■ **PROBLEM STATEMENT**: Reproduction of part of the material below, pictures omitted: copy exactly, and only, the lines starting with the one with "Auch bei einer" and going on through the one with "미끄럽고 가파른 능선을".

■ **DATA EXTRACT**:
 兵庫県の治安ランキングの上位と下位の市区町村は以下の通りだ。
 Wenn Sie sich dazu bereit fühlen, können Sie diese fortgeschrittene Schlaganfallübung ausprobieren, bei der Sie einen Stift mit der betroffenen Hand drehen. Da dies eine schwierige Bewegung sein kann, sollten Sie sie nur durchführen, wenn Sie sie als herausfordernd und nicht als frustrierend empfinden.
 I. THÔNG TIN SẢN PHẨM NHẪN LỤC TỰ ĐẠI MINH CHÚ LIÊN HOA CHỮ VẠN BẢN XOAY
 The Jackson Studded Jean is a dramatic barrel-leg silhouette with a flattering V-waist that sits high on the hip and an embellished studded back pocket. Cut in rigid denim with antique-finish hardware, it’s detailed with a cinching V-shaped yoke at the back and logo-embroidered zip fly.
==
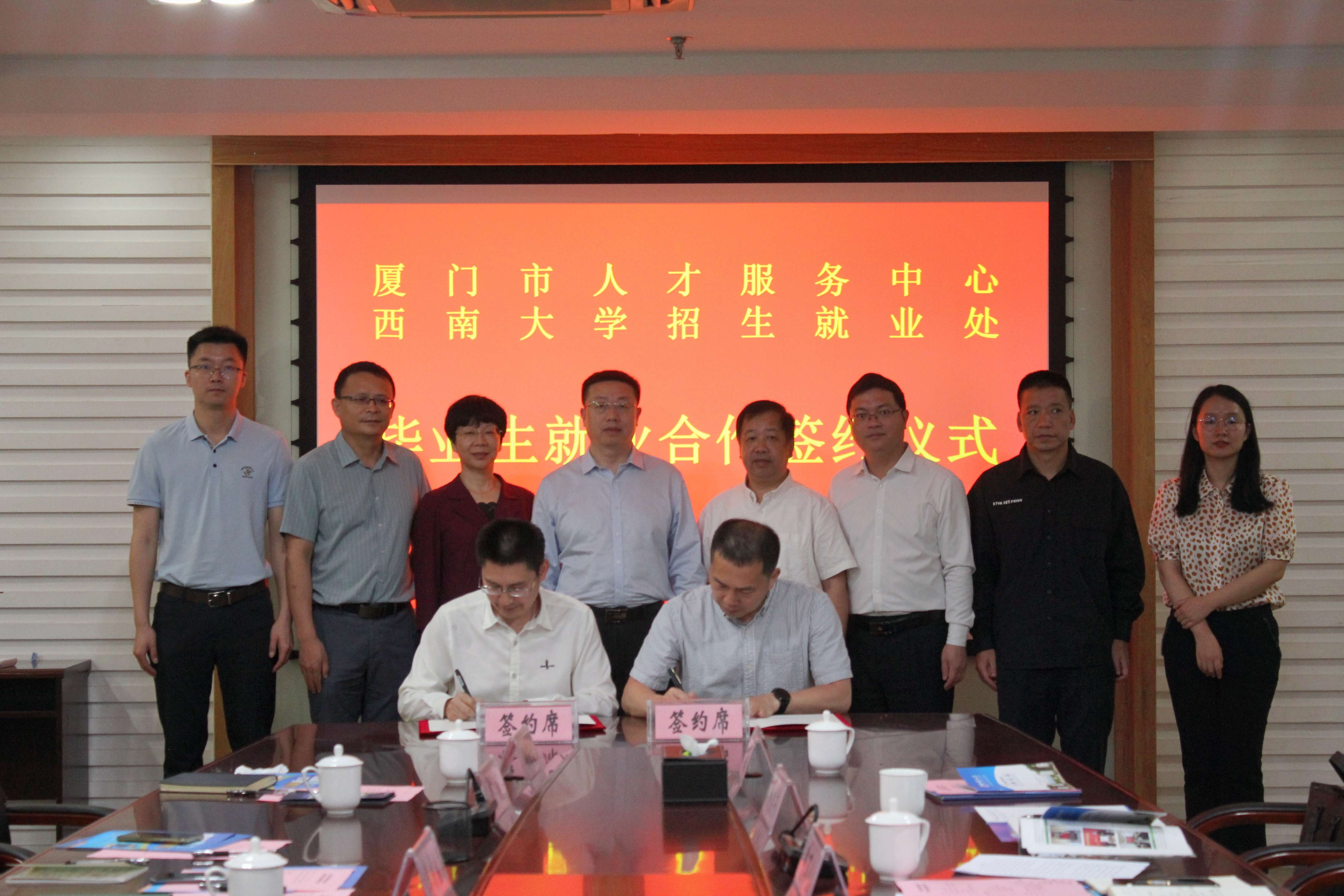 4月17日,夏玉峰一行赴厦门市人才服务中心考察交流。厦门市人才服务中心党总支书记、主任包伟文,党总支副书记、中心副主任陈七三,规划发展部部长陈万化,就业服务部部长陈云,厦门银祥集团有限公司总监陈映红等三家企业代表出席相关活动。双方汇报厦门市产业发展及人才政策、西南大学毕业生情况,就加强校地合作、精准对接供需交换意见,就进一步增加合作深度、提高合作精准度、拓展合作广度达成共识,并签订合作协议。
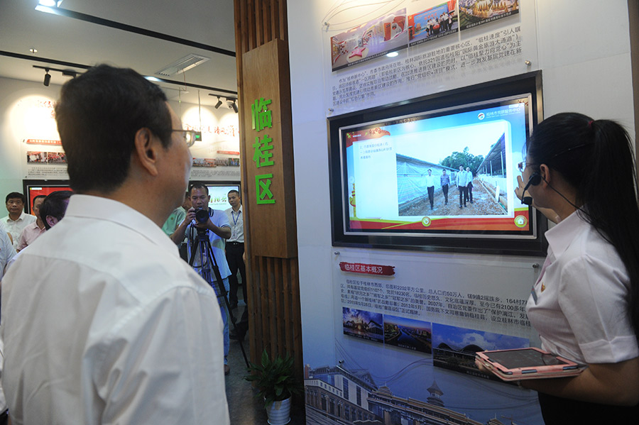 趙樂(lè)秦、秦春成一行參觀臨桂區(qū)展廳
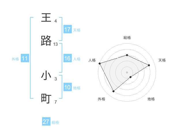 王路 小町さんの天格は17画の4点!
==
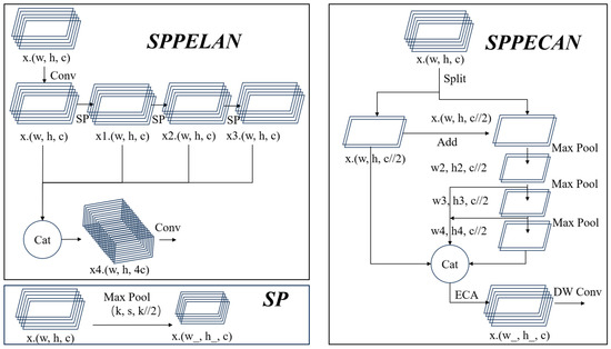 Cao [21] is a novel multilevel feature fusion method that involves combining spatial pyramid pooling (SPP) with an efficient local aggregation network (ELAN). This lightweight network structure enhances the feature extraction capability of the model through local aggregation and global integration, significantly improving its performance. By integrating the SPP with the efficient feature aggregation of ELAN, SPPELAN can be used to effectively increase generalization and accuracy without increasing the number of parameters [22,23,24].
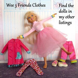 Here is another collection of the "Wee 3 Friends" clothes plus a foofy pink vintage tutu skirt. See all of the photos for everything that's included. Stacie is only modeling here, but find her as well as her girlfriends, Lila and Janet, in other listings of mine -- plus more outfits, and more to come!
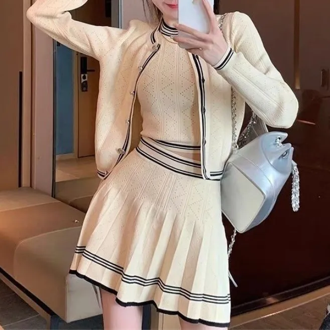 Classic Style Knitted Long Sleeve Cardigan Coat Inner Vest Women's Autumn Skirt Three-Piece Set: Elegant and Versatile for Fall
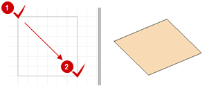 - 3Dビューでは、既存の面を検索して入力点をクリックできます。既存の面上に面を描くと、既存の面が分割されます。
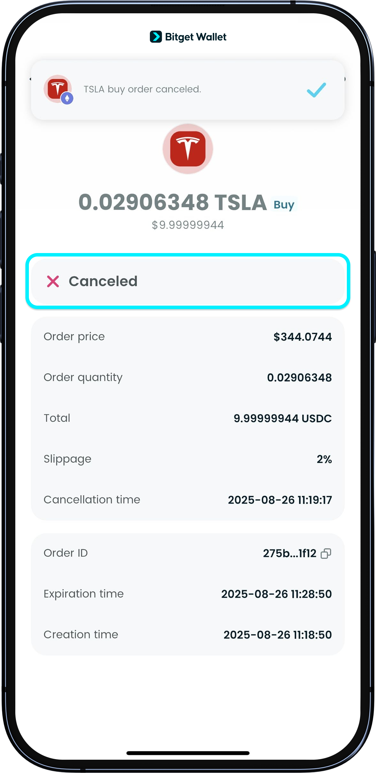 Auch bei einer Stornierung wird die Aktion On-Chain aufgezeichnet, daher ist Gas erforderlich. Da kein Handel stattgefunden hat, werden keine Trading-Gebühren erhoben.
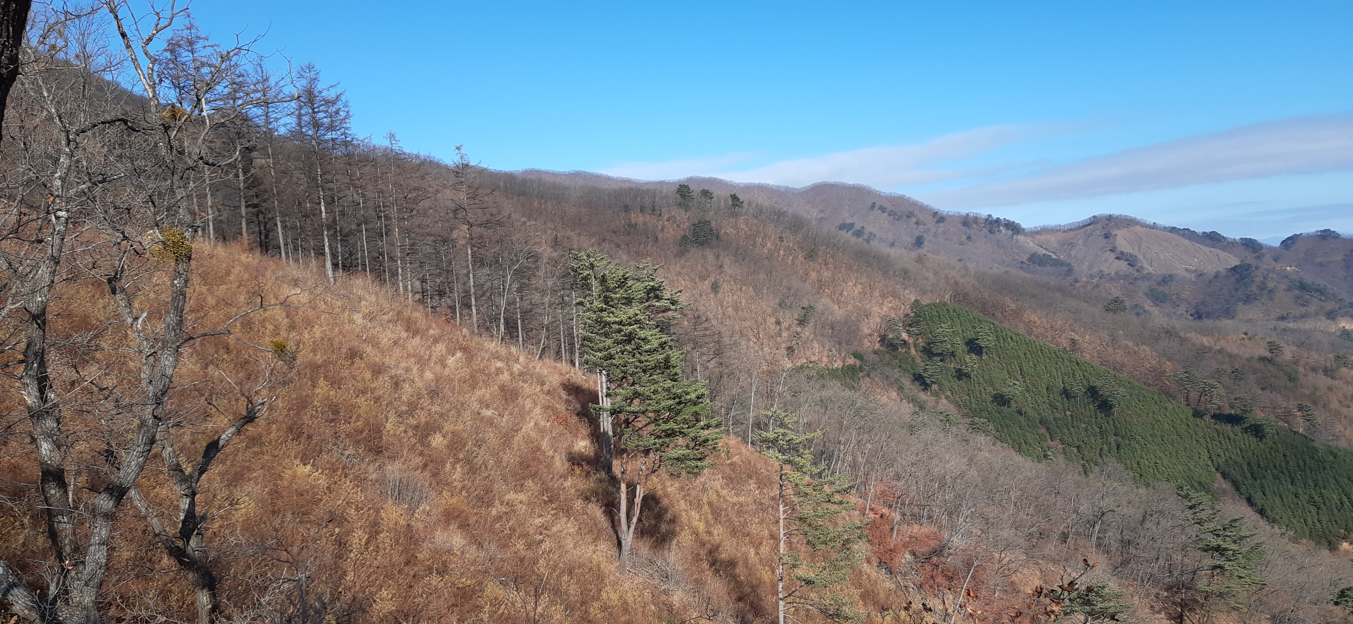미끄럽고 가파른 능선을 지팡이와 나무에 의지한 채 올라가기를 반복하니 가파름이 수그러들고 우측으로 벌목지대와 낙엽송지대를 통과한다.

■ **ANSWER SPACE**:
 Auch bei einer Stornierung wird die Aktion On-Chain aufgezeichnet, daher ist Gas erforderlich. Da kein Handel stattgefunden hat, werden keine Trading-Gebühren erhoben.
미끄럽고 가파른 능선을 지팡이와 나무에 의지한 채 올라가기를 반복하니 가파름이 수그러들고 우측으로 벌목지대와 낙엽송지대를 통과한다.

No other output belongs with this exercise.